Since a reference (some-type&) behaves as a constant pointer (some-type * const), passing an argument via a "constant reference to pointer" parameter (some-type * const&) seems a bit redundant, because

• if the parameter is some-type *
  • I'm copying it,
  • I can't edit the original because I just don't handle it;
• if the parameter is some-type * const&
  • I'm not copying it,
  • I can't edit the orignal because I hold it as a const entity.

So in some way the only difference between the two is that the former incurs a copy, whereas the latter doesn't.

In turn, this means that this difference can be relatively important for std::shared_ptrs, which can be bigger than raw pointers and std::unique_ptrs.

But is that (passing std::shared_ptrs by const& if they are "heavy") the only usecase for passing pointer arguments by const&?

As regards the observation that the pointer aspect of the question is unnecessary, I think that when talking of non pointer-like data types, it's kind of easy to see the biggest advantage (or one of the biggest advantages) of passing them by value vs by const&: in both cases you protect the actual entity at the call site, but in the latter you avoid copying a potentially huge object.

For pointer-like entities such as raw pointers and smart pointers, I look at them as things which are meant to be at least similar in size to each other, with the std::shared_ptr allowed to diverge from the similarity.

Anyway, if we are dealing with obviously small raw pointers and std::unique_ptrs and small std::shared_ptrs, so that we can consider the aforementioned advantage of passing by const& negligible, is there any other reason why I might want to pass them by const&?

CodePudding user response：

Without a reference you cannot overload a function based on constness of the parameter:

void foo(int* const) { /* do something */ }
void foo(int*) { /* do something else */ }  // error : redefinition of foo

But you can do so with a const/non-const reference:

void bar(int*&) { std::cout << "non-const\n";}
void bar(int* const&) { std::cout << "cosnt\n";}

int main() {
    int* y = nullptr;
    int* const x = nullptr;
    bar(y);
    bar(x);
}

CodePudding user response：

To answer the title of your question, for raw pointers, no. Passing by a pointer by reference is usually more expensive, and if it's a const reference you can't use it to modify the caller's pointer anyway so there's no benefit (and I really don't know what @463035818_is_not_a_number is getting at, who would want ever such overloads?)

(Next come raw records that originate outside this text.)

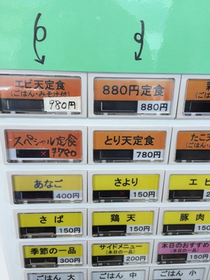 まずは食券を買います!680円定食や880円定食が一般的だと思うんですが、この日はえび天定食とあなご天定食にしてみました!初めてのトライです!
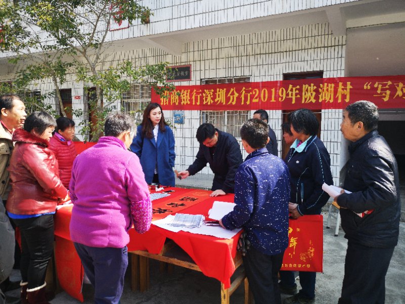 深圳分行組織“陂湖村寫春聯(lián)、送掛歷”活動現(xiàn)場
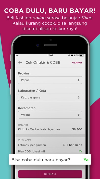 Sista bisa coba dulu produk yang dipesan ketika kurir datang. Kalau nggak cocok, bisa langsung balikin ke kurir, dan bayar yang cocok aja! Layanan ini berlaku di seluruh Indonesia.
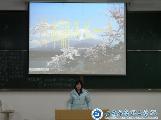 11月11下午4时,商务外语系日语演讲比赛决赛在A3阶梯教室正式拉开帷幕。日韩教研室主任王正春、外教小山等五位日语老师应邀担任了比赛的评委。本次比赛由系日语协会主办,共有16名同学闯关进入决赛。
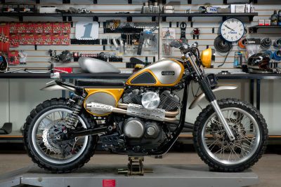 A Faster Sons kampányon belül elkészült legújabb gép a Jeff Palhegyi által készített SCR950-es scrambler.
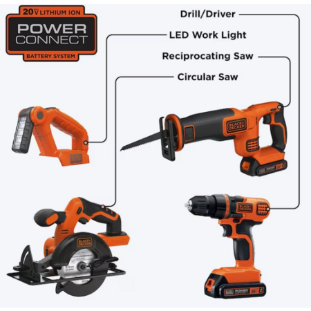 4-Tool BLACK+DECKER 20V MAX Power Tool Kit w/ 2x 1.5Ah Batteries & Charger (BD4KITCDCRL) on sale for
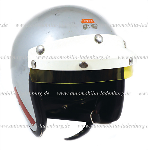 1966-1970, Fahrerhelm Hans Herrmann, unter anderem trug Hans Herrmann diesen Helm bei seinem Porsche Sieg in Le Mans 1970, mit Kampfspuren
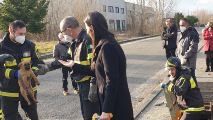 Cucciolo cade nel canale di scolo:salvato dai vigili viene adottato da 2 ragazze
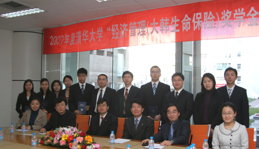 12月13日下午,2007年度242net官网“经济管理(大韩生命保险)奖学金”颁奖典礼在清华经管学院舜德楼120室举行。韩国大韩生命保险北京代表处首席代表丘暾完、代表宋政根、首席代表助理朱莲花、清华经管学院党委副书记朱恒源出席了颁奖典礼。典礼由学院校友与发展办公室主任潘庆中主持。
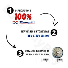 - Produto de alta qualidade e durabilidade. - Aconselha-se um profissional para manutenção do seu equipamento.. ============================= Item: Roda Plástica para betoneiras 250 / 400 Litros
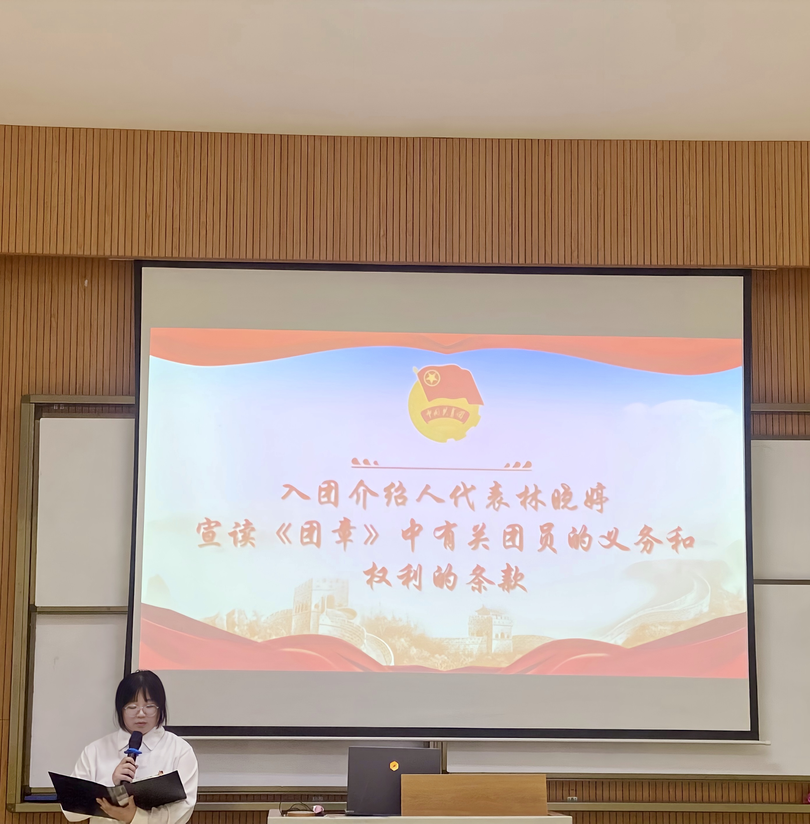 院团委叶嘉琪同学说明入团仪式的意义并宣读新团员名单。随后,院团委老师为新团员代表佩戴团徽和颁发团章、团员证。颁发礼后,在院团委刘培莹同学的带领下,全体新团员面向团旗庄严宣誓,老团员重温入团誓词。入团介绍人代表林晓婷宣读了《团章》中有关团员义务和权利的条款,帮助新团员明确使命。
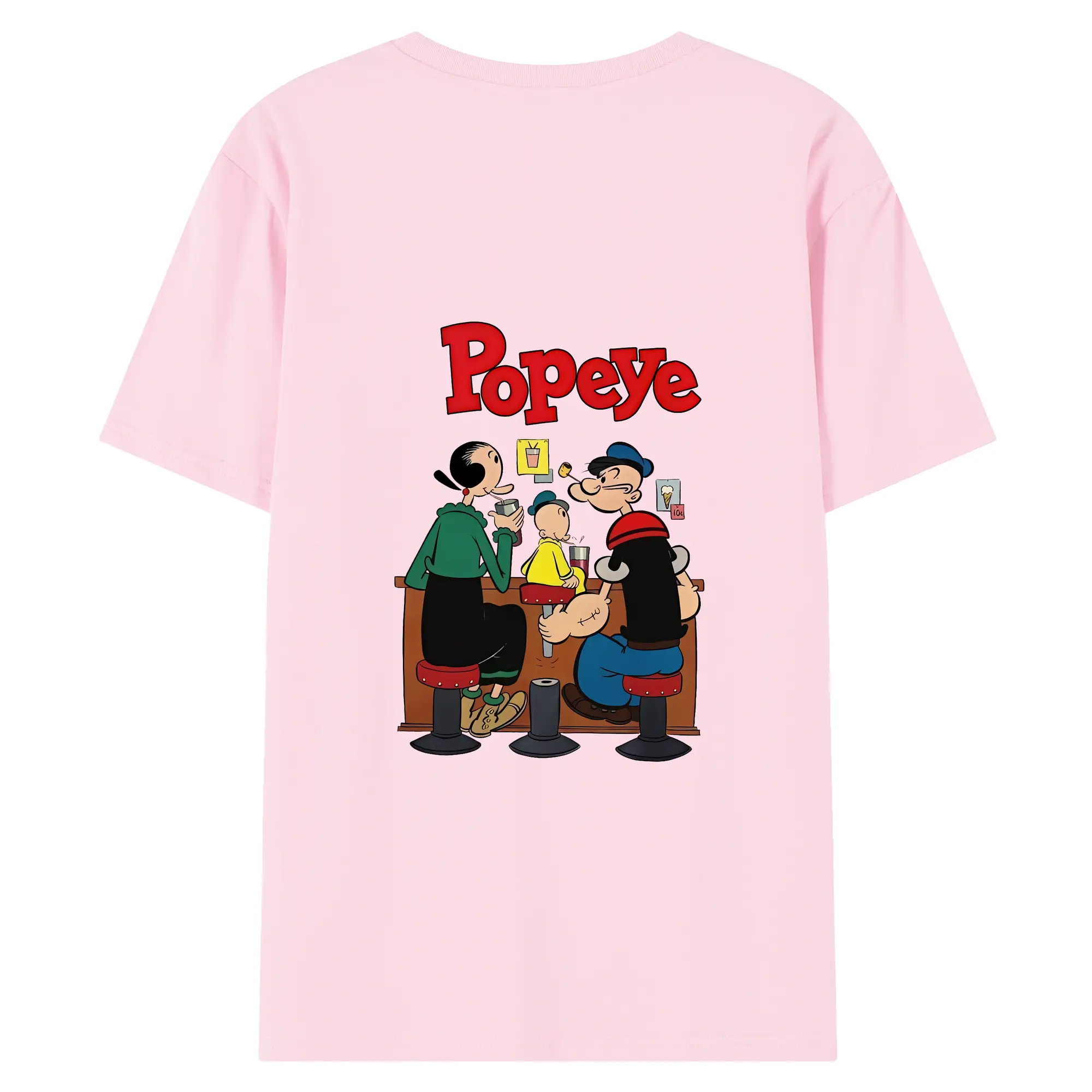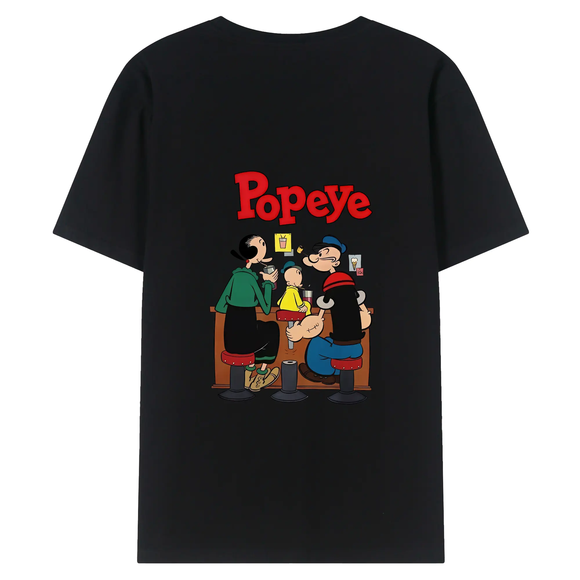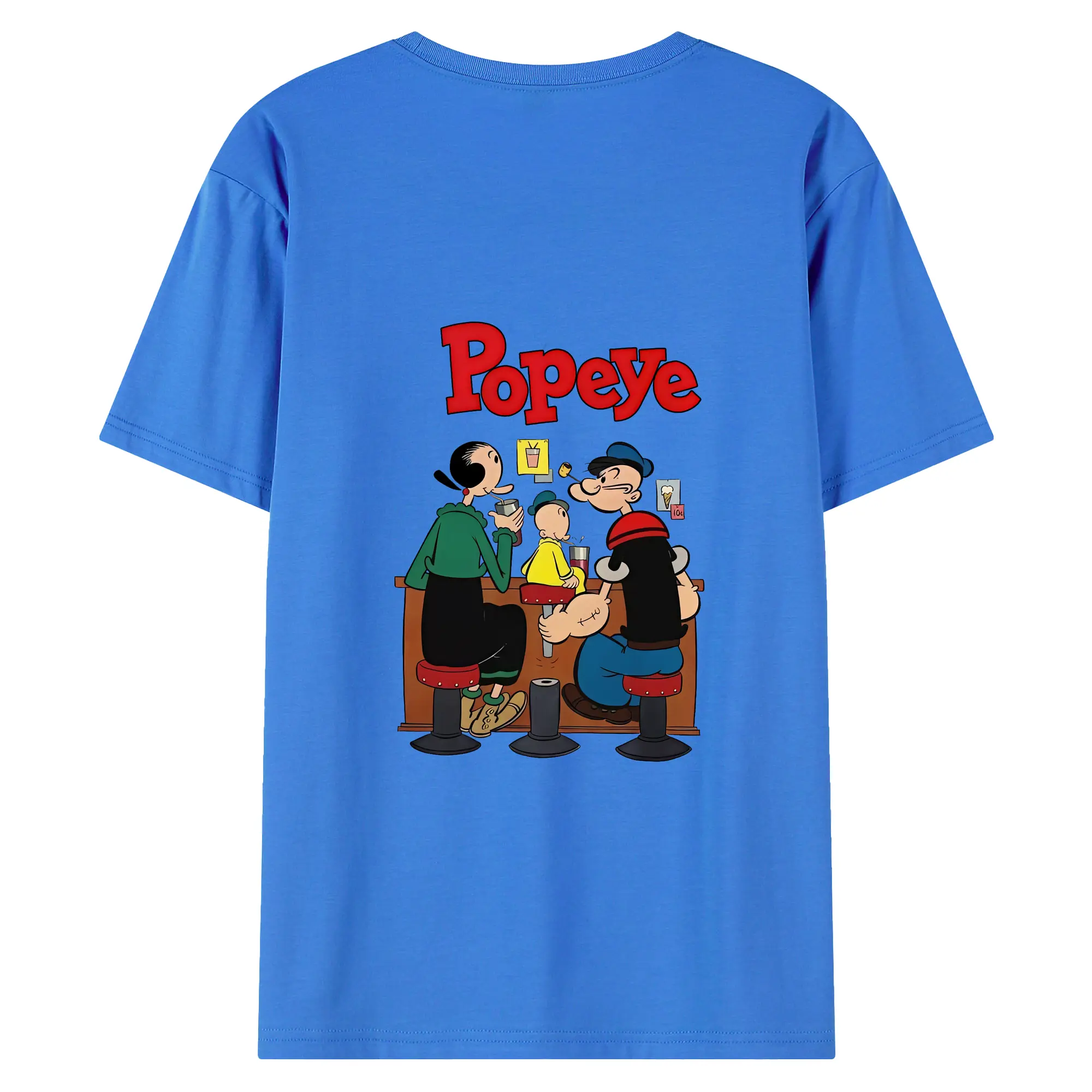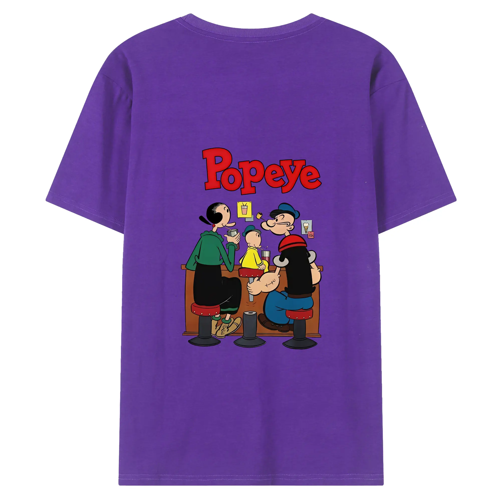 ポパイ グッズ オリーブ・オイル - 綿100% ヴィンテージ風 半袖Tシャツ ・ 背面プリント ・ 柔らか肌触り ・ 通気性 快適 ・ スポーツ カジュアル 外出用
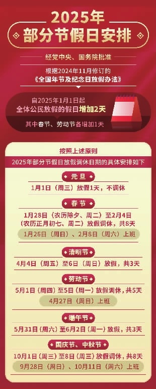 明确调休原则。除个别特殊年节外,春节自农历除夕起放假调休8天,国庆节自10月1日起放假调休7天,劳动节放假调休5天,元旦、清明节、端午节、中秋节分别放假调休或连休3天(如逢周三则只在当日放假),国庆节放假如逢中秋节则合并放假8天(2025年、2028年就是这样)。
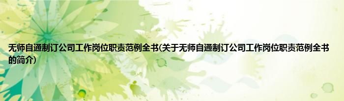 大家好,无师自通制订公司工作岗位职责范例全书,关于无师自通制订公司工作岗位职责范例全书的简介很多人还不知道,现在让我们一起来看看吧!
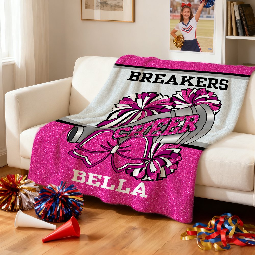 Show off your team spirit with our dazzling cheer-themed blanket featuring sparkling bling accents, vibrant pom-poms, and a cheer megaphone in energetic multicolor designs. Customize it with your name and team name to create a one-of-a-kind blanket that celebrates your squad's unique identity and brings championship energy to every use.
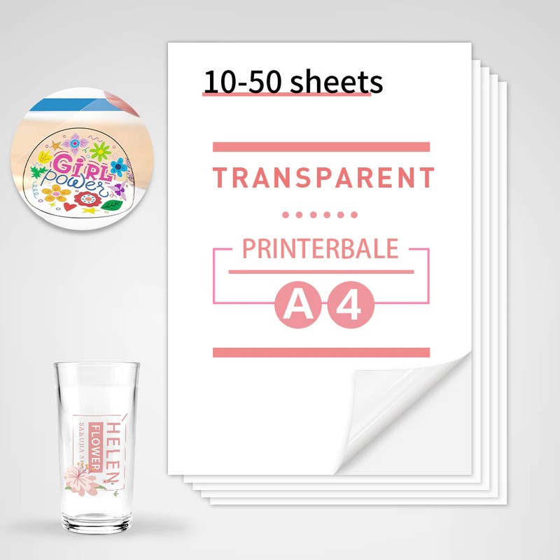 50 Sheets A4 Printable Vinyl Sticker Paper Transparent Vinyl Sticker Printer Paper Clear Label Paper For Laser Printer
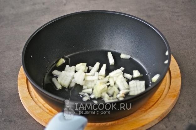 Для начала обжарьте рубленый лук на сковороде с растительным маслом до мягкости.
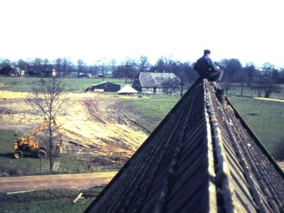 Voor het echter zover was moest De ARK van zijn oude stek verplaatst worden naar de nieuwe plek. Een operatie die met chirurgische precisie werd uitgevoerd en waar Free en Henk Klijn Velderman een mooie zonnige zaterdag voor hadden uitgekozen. Voor het zover was werd het gebouw van zijn sokkel gelicht, werden er wielen onder gezet en, om gewicht te besparen, werden de dakpannen eraf gehaald. Dat was niet de enige hindernis die moest worden overwonnen. De gang die De ARK maakte voerde over het land van Alferink, de sloot langs de Muldersweg, een weg die toen een andere ligging had, werd ‘gedempt’ met boomstammen en niet in de laatste plaats onder de bovengrondse elektriciteitsleiding door. Mensen van de IJsselcentrale in Diepenveen haalde de spanning van de draden en iemand op de nok van het dak hield de draden aan de kant zodat het gevaarte er onderdoor kon. Verhoogde kampen werden afgegraven, de zwarte aarde opzij geschoven. Witte grond werd richting Ons Centrum gebracht.
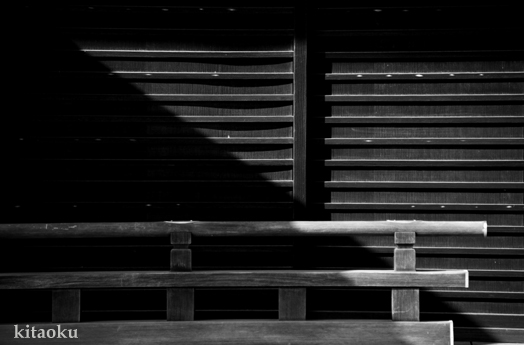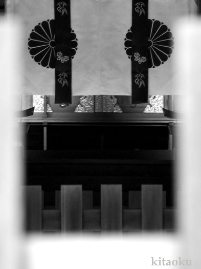 その奥にある神饌所。直線が交わる意匠が参拝者の気持を引き締める
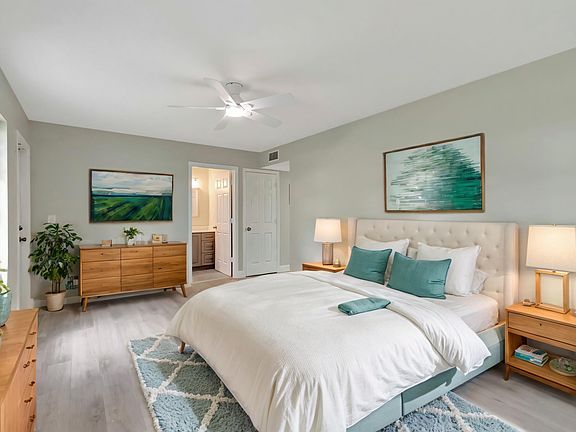 For an extra touch of luxury, the entire villa is adorned with fresh paint, and features a BRAND NEW A/C unit, a BRAND NEW hot water heater along with the latest upgrade in electrical systems. This detail speaks to the villa's intention of ensuring contemporary comfort and efficiency. The contemporary hues of luxury vinyl flooring coupled with the warm glow of high hat lighting lend the villa an airy, light-filled living experience.
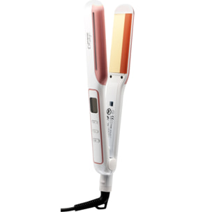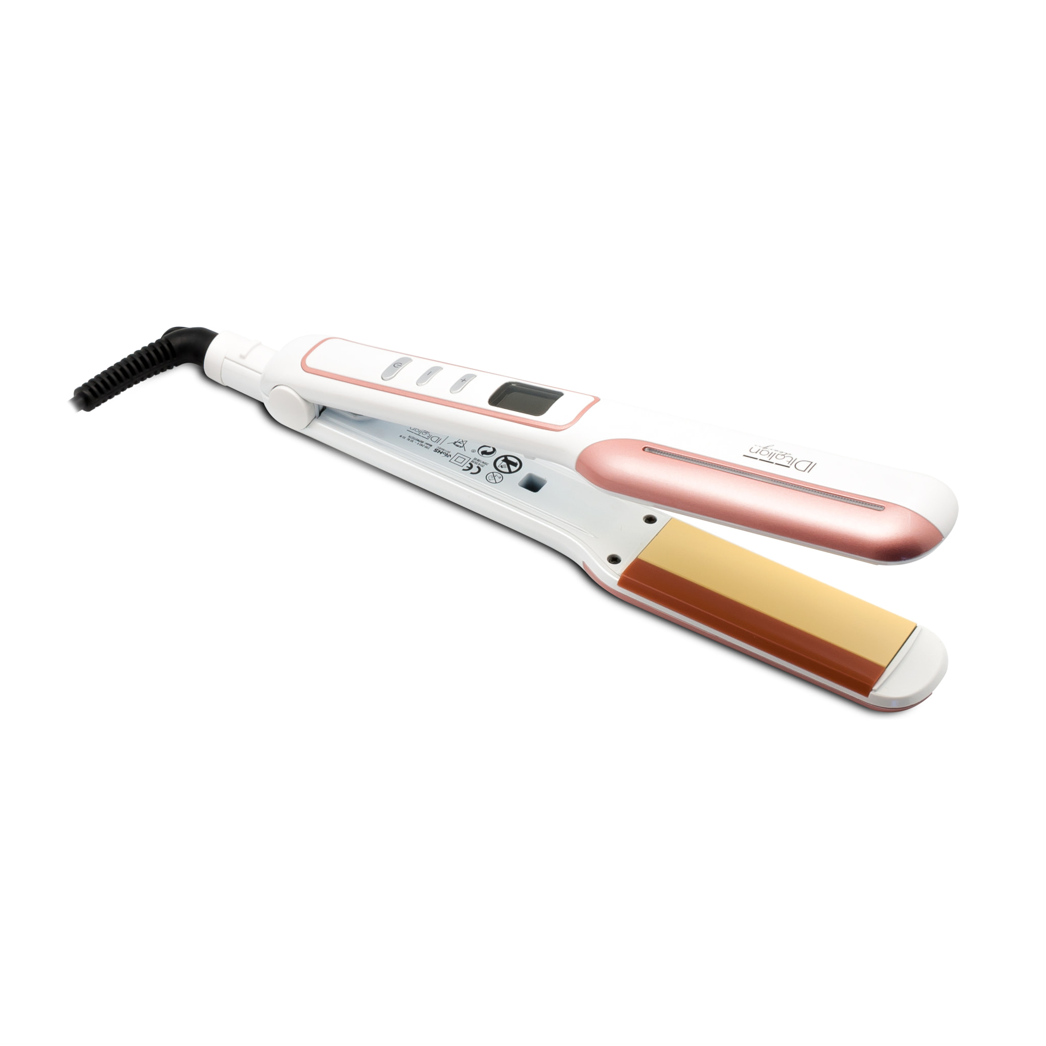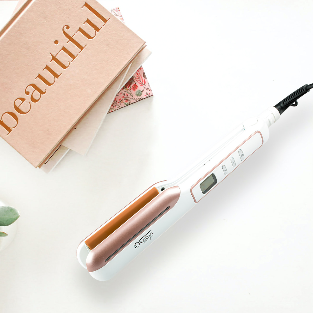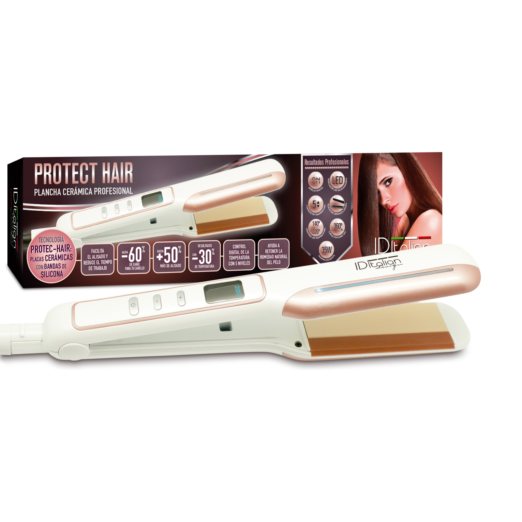 Ref. ideprotech la marque italian design, l'une des principales marques d'appareils électroménagers professionnels et d'accessoires, de coiffure et d'esthétique. description id italian fait une percée dans la technologie dans son nouveau fer protec hair qui, avec des plaques en céramique 100% solides, sa régulation numérique de la température et sa bande de silicone optimise le contact entre les cheveux et les plaques, facilite le lissage de chaque touffe et réalise un redressement parfait en un seul passage, protégeant les cheveux et avec seulement 140-160 ° mais atteint les 220 ° numériquement. caractéristiques techniques: - jusqu'à 50% de lissage en plus - réduit le temps de travail - pas besoin de trop de pression sur les cheveux - avec une température 30% inférieure à celle d'un fer normal. - moins 60% de dégâts aux cheveux. - aide à conserver l'humidité naturelle des cheveux. - chauffage ultra-rapide.. - affichage numérique. - sélecteur de température de 140 a 220º - voyant led bleu à l'extérieur de la plaque supérieure. - 35w - dimensions: 320 x 85 x 50 mm
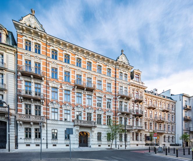 Two luxurious tenements were built in Foksal St. in the center of Warsaw at the end of the 19th c. Each consisted of the front house connected by side service wings with the back building, also containing apartments, and a narrow courtyard in the middle. The houses had a palace-like décor, with marble stairs, stucco decorations and wall paintings, all in the then-popular northern neo-Renaissance style. In the 1930s, an unfortunate attempt to “modernize” the façade of one of the houses by removal of eclectic decorations changed its character; war destructions and later neglect in the communist times brought both houses to ruin until a demolition was planned twenty years ago. Fortunately new owner had them painstakingly renovated. Only one small photograph was found of the original façade of the house at no 13; the architects worked for years designing new elements, which would follow the eclectic aesthetics characteristic of the time the houses were built. The works were conducted by artists and craftsmen: sculptors, stuccoists and smiths. All original elements that could be salvaged were later used; e.g. tiled stoves now decorate common staircases.
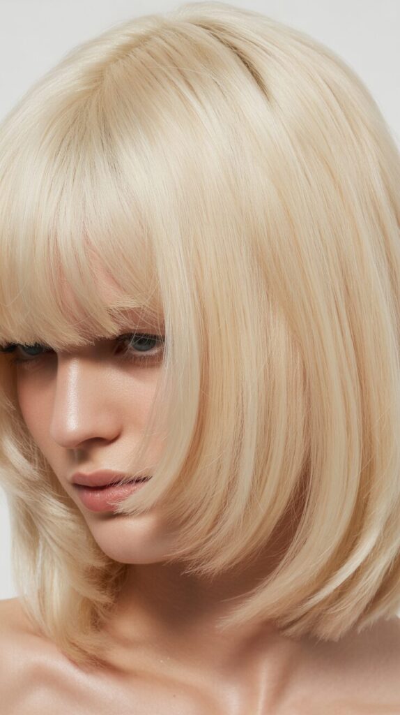 9. Bleached Blonde Medium Wolf Cut With Straight Bangs
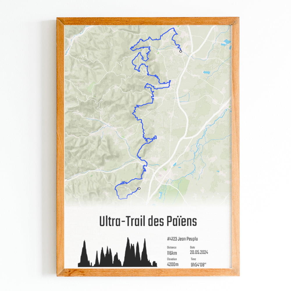 Cette affiche du parcours de l'Ultra-Trail des Païens est imprimée sur du papier photo brillant haute qualité.Pour créer un poster personnel et unique, ajoutez votre numéro de dossard, votre nom, prénom, votre temps d'arrivée ou le texte que vous souhaitez.

For a smart pointer it's different. std::unique_ptr cannot be passed by value at all (since the copy constructor is deleted) so you can either pass by reference (if you just want to get at what it's pointing to) or you can move from it (to transfer ownership). And in fact, there's not really much point in passing it by const reference since you can pass my_unique_ptr.get() as a raw pointer - by value - and not lose anything.

std::shared_ptr can be passed by value, but doing that will bump the reference count (and then decrement it again when the copy goes out of scope), and there is a cost associated with that so you might want to pass it by const reference since that may well be cheaper. But, again, if the function you're calling is non-owning, why not just pass a raw pointer? This is the cheapest option of all.

The only reason to copy a shared_ptr is to make sure that the pointer it is managing does not disappear out from beneath you, and that implies you're hanging on to it for some reason (so-called 'shared ownership'). So yes, if that's the semantics you want, pass it by const reference and make a copy at the receiving end.